**Problem**
For the material below, the expected output is exactly the lines between the line holding "Beheiztes Winter-Mauspad aus" and the line holding "Auch bei mir", inclusive, with pictures left out.

**Listed entries**
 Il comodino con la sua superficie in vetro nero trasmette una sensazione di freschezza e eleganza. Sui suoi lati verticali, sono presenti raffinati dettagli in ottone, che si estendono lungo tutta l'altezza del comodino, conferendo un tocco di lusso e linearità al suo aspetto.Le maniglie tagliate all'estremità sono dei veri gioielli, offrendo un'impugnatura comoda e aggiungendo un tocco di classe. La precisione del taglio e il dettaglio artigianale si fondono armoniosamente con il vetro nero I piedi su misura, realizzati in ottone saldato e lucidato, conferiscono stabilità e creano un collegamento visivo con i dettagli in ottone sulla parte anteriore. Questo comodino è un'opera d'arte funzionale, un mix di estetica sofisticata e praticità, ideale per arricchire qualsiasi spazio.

==

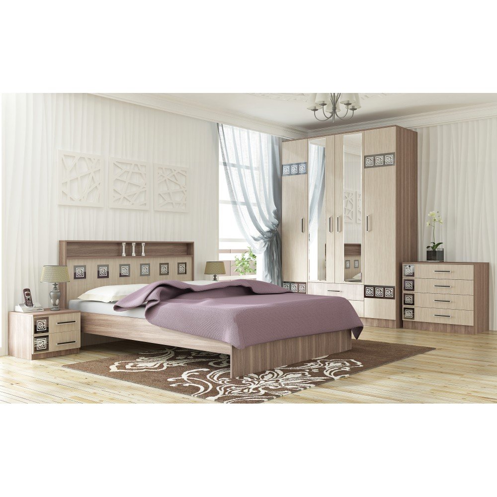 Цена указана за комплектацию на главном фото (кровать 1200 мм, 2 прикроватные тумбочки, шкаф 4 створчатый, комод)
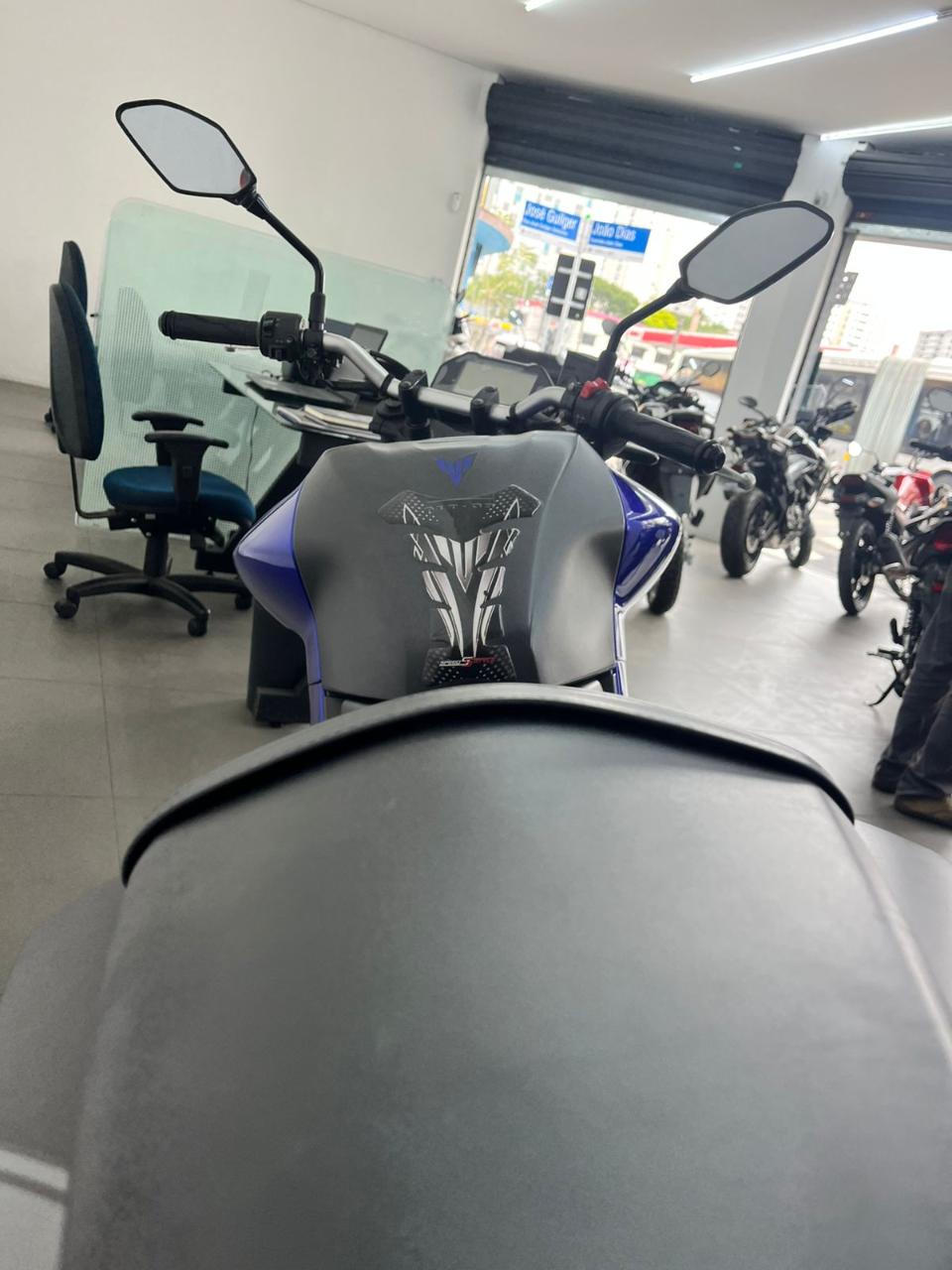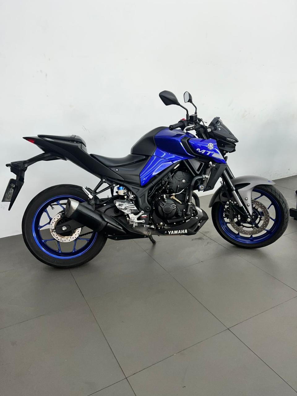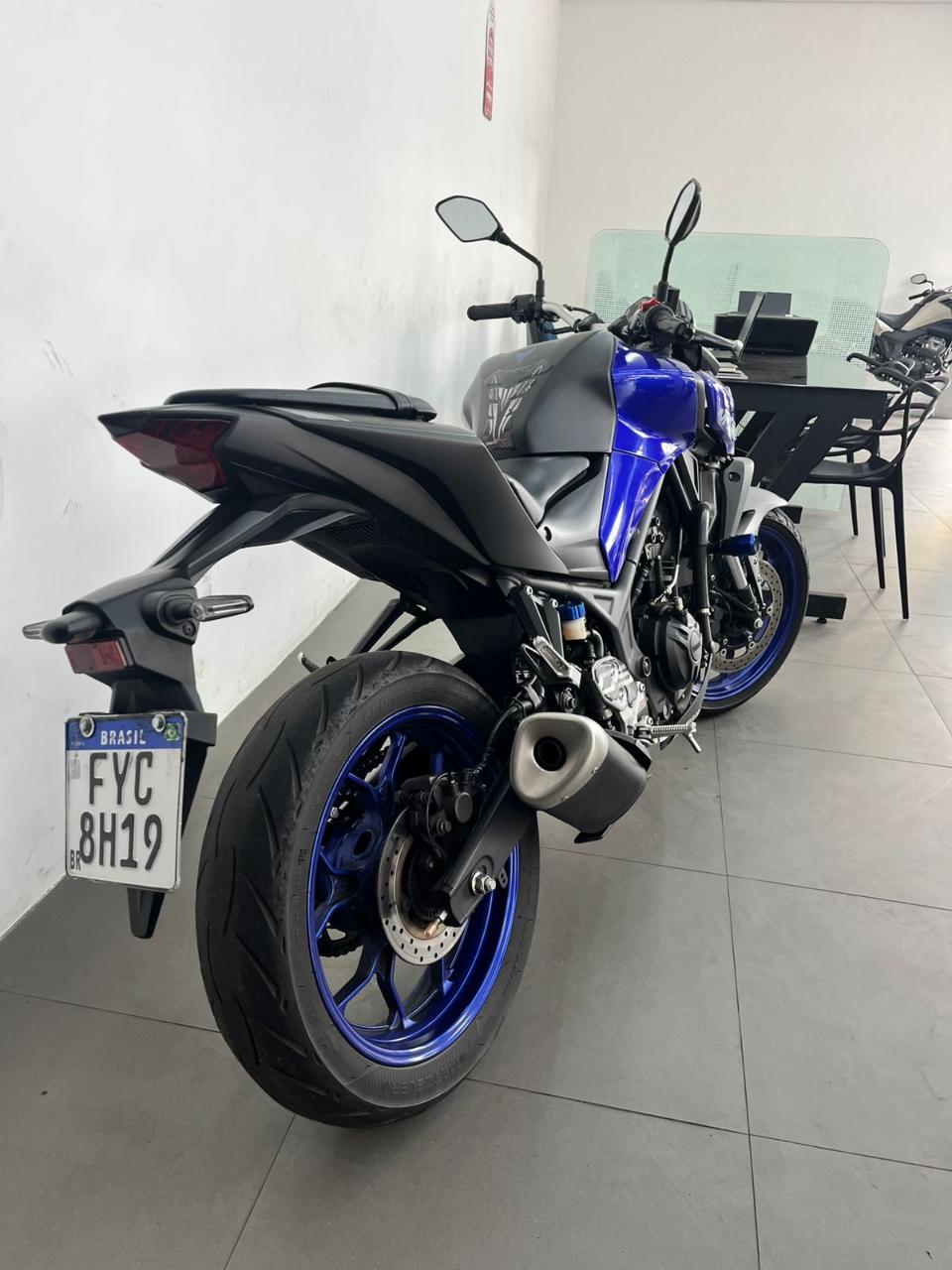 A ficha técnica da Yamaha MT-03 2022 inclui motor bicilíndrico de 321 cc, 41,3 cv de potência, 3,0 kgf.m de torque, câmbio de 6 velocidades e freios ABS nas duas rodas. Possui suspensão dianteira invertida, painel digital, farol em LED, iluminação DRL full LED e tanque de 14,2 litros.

* * *

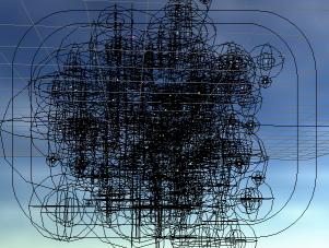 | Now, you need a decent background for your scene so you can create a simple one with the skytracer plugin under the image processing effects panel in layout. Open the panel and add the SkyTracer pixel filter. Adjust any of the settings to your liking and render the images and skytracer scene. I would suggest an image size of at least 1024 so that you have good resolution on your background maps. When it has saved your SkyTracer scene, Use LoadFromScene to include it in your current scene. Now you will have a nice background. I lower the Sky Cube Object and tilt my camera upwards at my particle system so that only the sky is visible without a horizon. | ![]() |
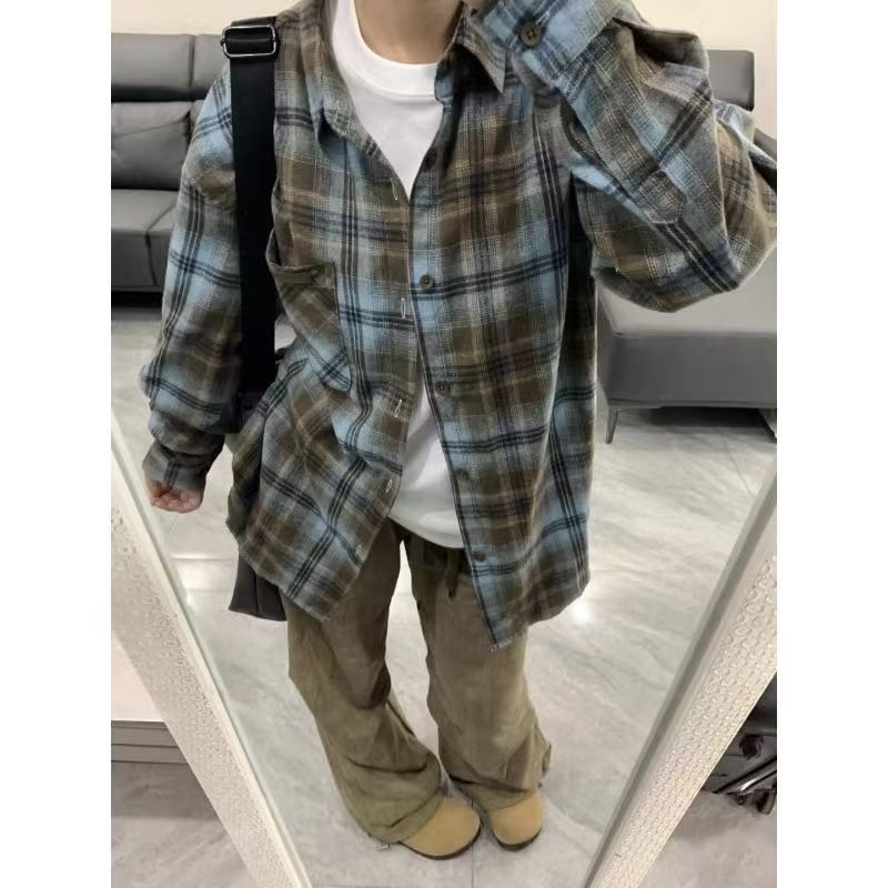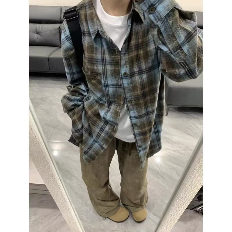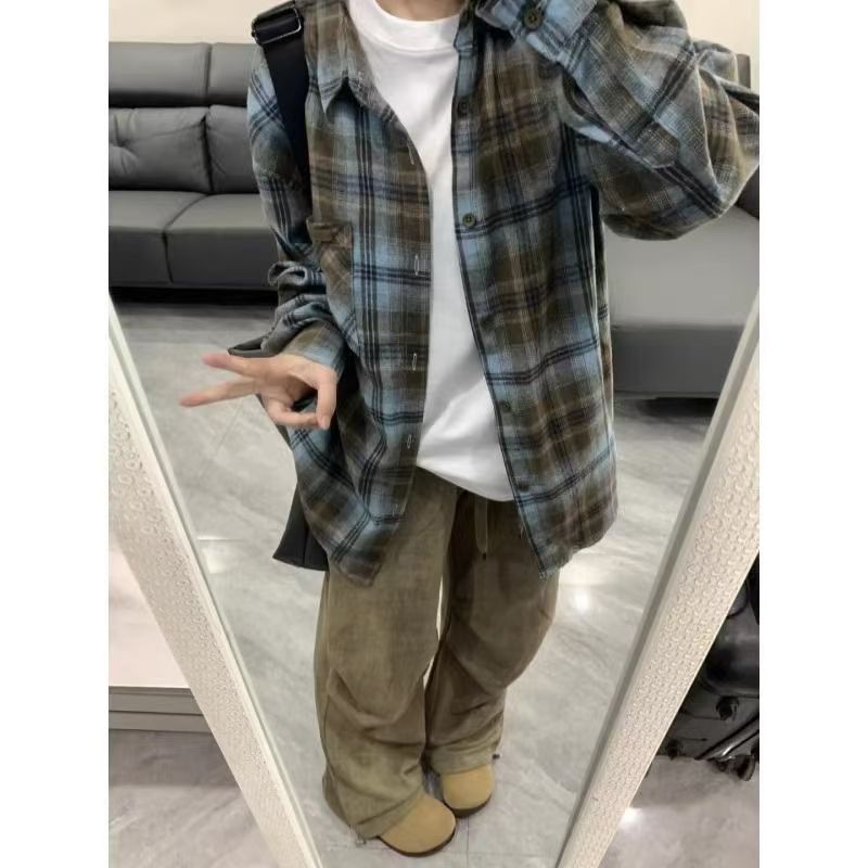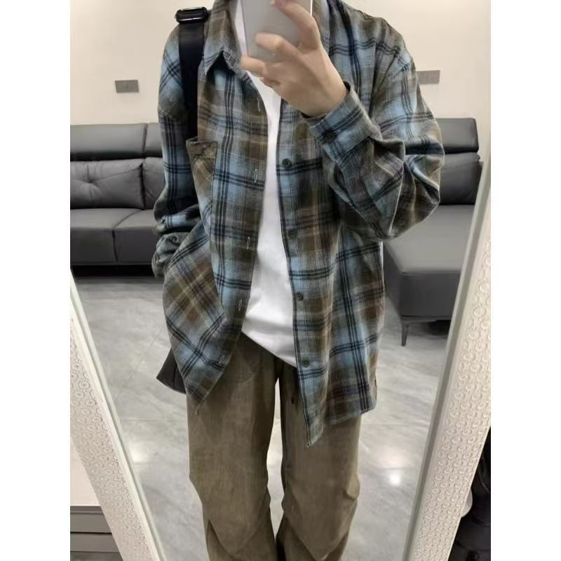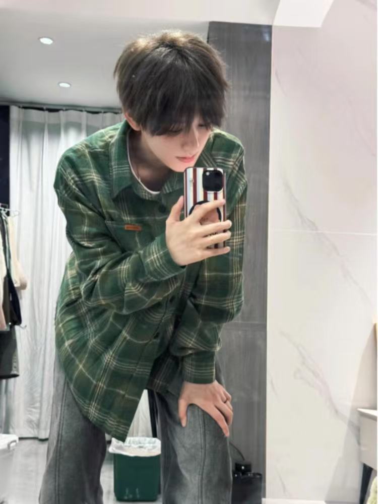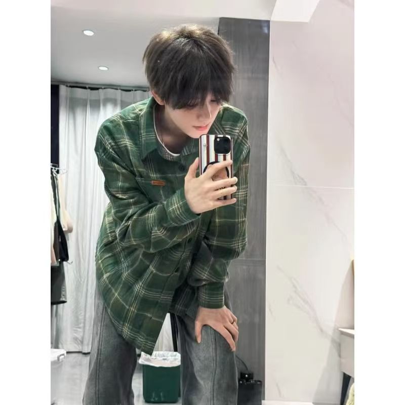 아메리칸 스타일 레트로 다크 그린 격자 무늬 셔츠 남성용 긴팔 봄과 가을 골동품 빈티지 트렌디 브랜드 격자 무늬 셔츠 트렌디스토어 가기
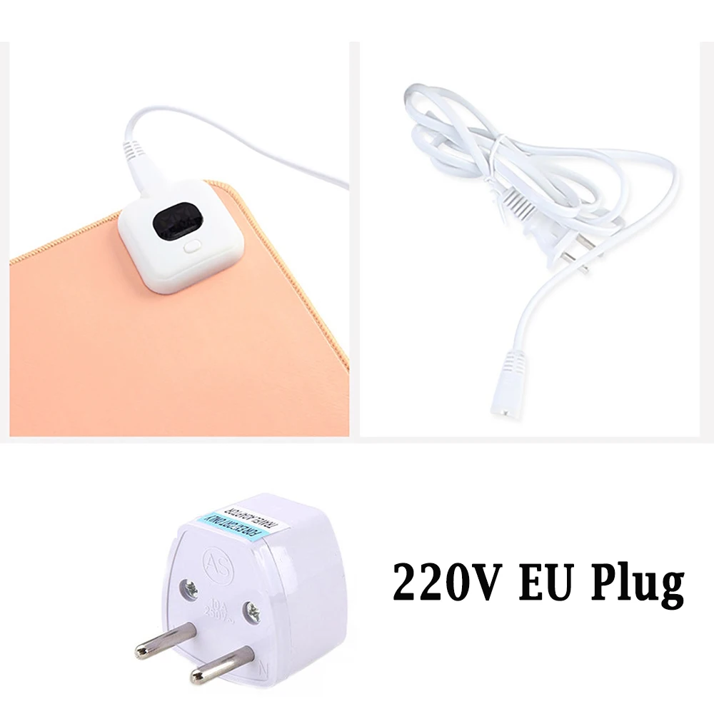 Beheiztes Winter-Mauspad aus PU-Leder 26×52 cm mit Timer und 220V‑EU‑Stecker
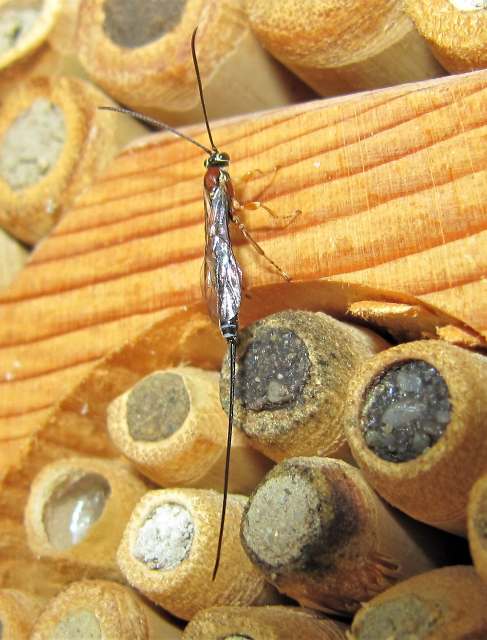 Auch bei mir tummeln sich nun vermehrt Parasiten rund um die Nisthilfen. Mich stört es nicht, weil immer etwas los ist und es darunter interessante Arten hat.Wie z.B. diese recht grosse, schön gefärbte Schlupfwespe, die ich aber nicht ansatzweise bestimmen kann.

**Exercise output**
 Beheiztes Winter-Mauspad aus PU-Leder 26×52 cm mit Timer und 220V‑EU‑Stecker
 Auch bei mir tummeln sich nun vermehrt Parasiten rund um die Nisthilfen. Mich stört es nicht, weil immer etwas los ist und es darunter interessante Arten hat.Wie z.B. diese recht grosse, schön gefärbte Schlupfwespe, die ich aber nicht ansatzweise bestimmen kann.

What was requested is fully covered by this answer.